Nearly anyone with a cell phone has experienced signal loss or areas where weak reception makes using cell phone a trying ordeal. For people who need instantaneous access to mobile communication in remote areas --- like deserts, jungles or the middle of the ocean --- cell phones just aren't sufficient. For these people, satellite phones offer the ability to communicate regardless of the user's geographic location.

Technology

Cell phones are essentially two-way radios, communicating with a local tower that forms a "cell" --- a region of space covered by the transmitters on that tower. A "cellular network" consists of a wide range of these cells. Problematically, though, cell phone radios are relatively short range, and expansive networks require large numbers of these towers, which may be prohibitively expensive or may require infrastructure that's not available. Satellite phones, by contrast, communicate directly with a satellite constellation orbiting the Earth. This allows them to receive a communications signal over a much wider area; if the constellation's visibility over the planet's surface is complete, a satellite phone can connect anywhere.

Handsets
As a rule, satellite phone handsets tend to be larger than their cellular counterparts, and may have prominent antennas designed to improve communication with the satellite. In the early days of satellite phones, this difference was pronounced --- the first satellite phones weighed up to 16 ounces, and this bulk provided only 2 hours of talk time. Later phones, like their cellular counterparts, have grown smaller; modern satellite phones may be nearly indistinguishable from short-range cell devices.

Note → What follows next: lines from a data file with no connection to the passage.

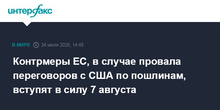 Москва. 24 июля. INTERFAX.RU - Если Евросоюз и США не придут к соглашению по пошлинам до 1 августа, европейские контрмеры вступят в силу 7 августа, сообщил официальный представитель Еврокомиссии (ЕК) Олоф Жилл.
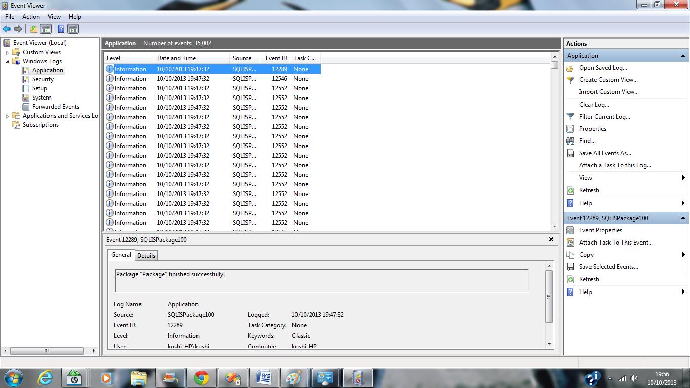 Now Execute the package . After package is executed, go to Control Panel – > Administrative Tools – > Event Viewer – >Windows Logs – > click on Application – > under Source tab with value “SQLISService” are package logged information.
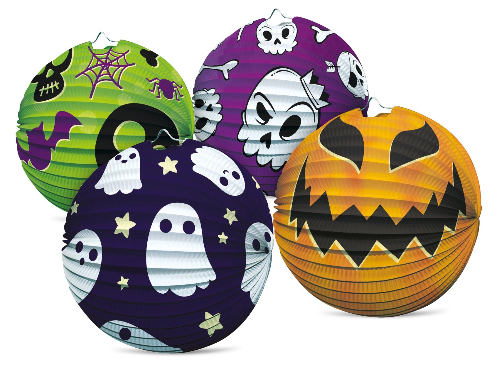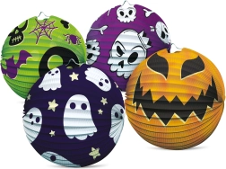 Un elegante farolillo de Halloween con forma de esfera y un diámetro de 25 cm iluminará cualquier fiesta, celebración en el jardín o desfile de farolillos. Gracias a su estructura plegable es ligero, fácil de colgar y crea en un instante una atmósfera terrorífica. Hay 4 diseños de Halloween diferentes a elegir: calabaza, fantasma, calaveras y araña. Ideal como decoración colgante para interiores y eventos exteriores cubiertos.
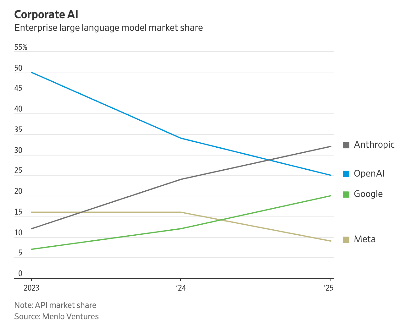 Where exactly this platform is located is a little ambiguous. OpenAI’s strongest vertical is ChatGPT, with more than 800 million weekly users (Gemini is second with 650 million monthly users). Now, they want people to build on their platform, likely via APIs. OpenAI is currently second to Anthropic on API market share, but they’re right to move into this zone. The closer a company sits to the bottom of the stack, the more control it has, especially as compute and energy become the real bottlenecks. Few players have the clout to commit $1.4 trillion to infrastructure spending, and that bill will only rise.
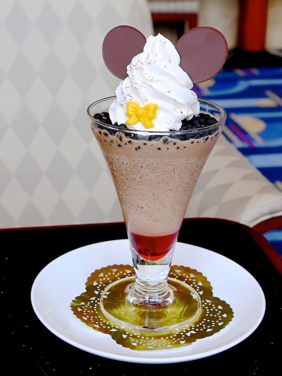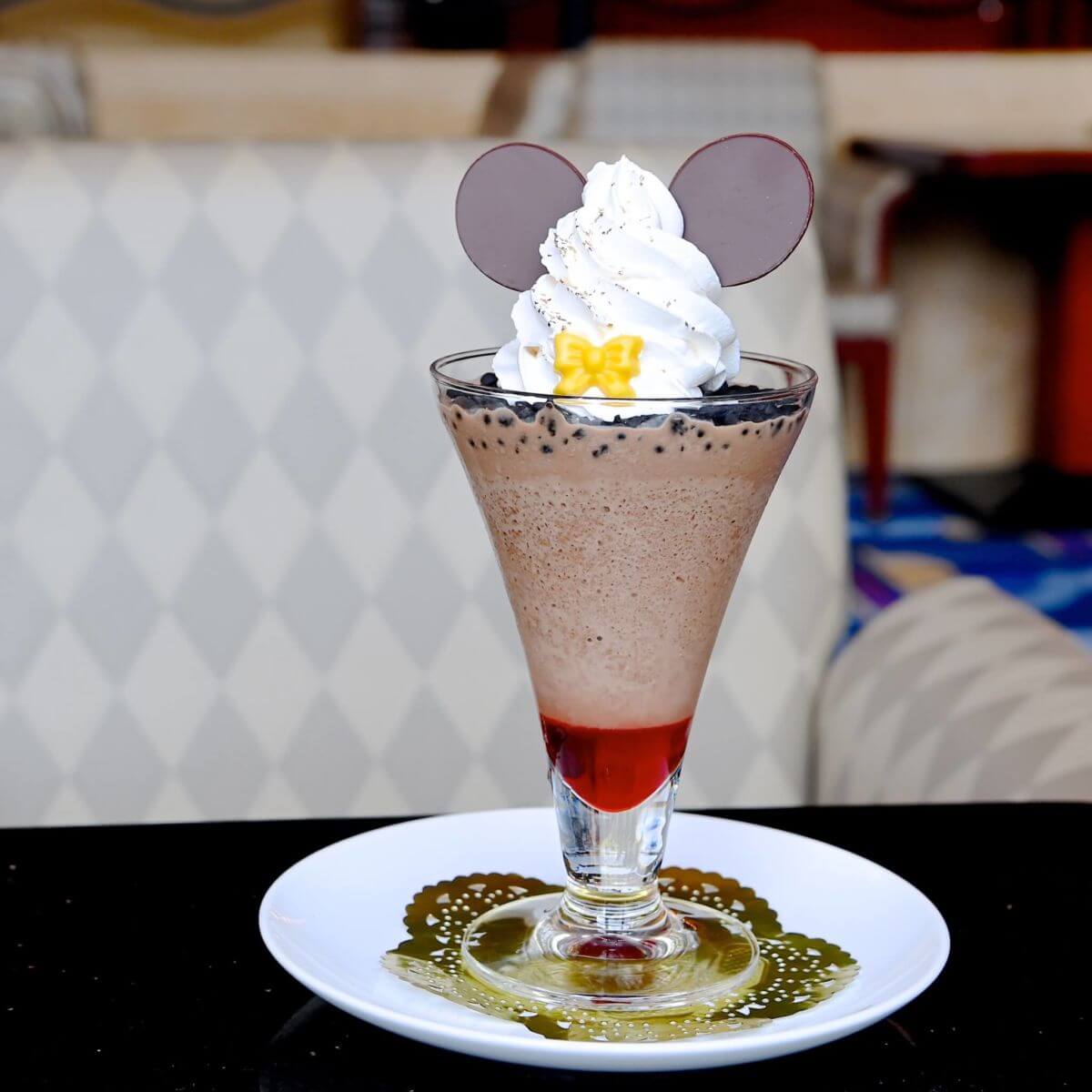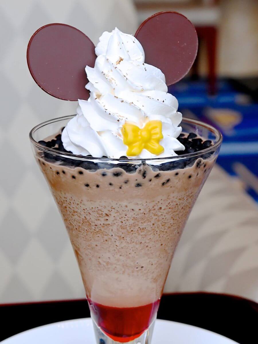 「ミッキーマウス」の耳に見立てたチョコレートがトッピングされたスペシャルドリンク。

In other respects, using a satellite phone is relatively similar to using a cell phone --- newer phones support Internet connectivity, and many satellite services support "text messaging," or SMS.

Range and Applications

Although most cities and urban areas now have access to cell networks, this still represents only a fraction of the Earth's surface. Satellite phones --- which can operate anywhere --- fill a substantial gap for people like ship captains, who need to have the ability to communicate just as easily in the middle of the Pacific as in the middle of Philadelphia. Satellite phones also see widespread use in war zones and disaster areas --- places where traditional phone infrastructure might exist, but is too heavily damaged or oversaturated.

Cost

The primary downside of satellite phones is their cost --- both to acquire the phone and to use it. Satellite phone companies have to deploy their own expensive technology --- each satellite costs tens of millions of dollars --- and look to recoup this from their users. Initially, a call on the Iridium network cost $7 per minute; as it turned out, users were unwilling to pay such a high premium for global phone access, and Iridium was forced to drop their prices. At $1 a minute or more, though, satellite phones are a fallback option --- useful only when traditional landlines or cell phones don't work.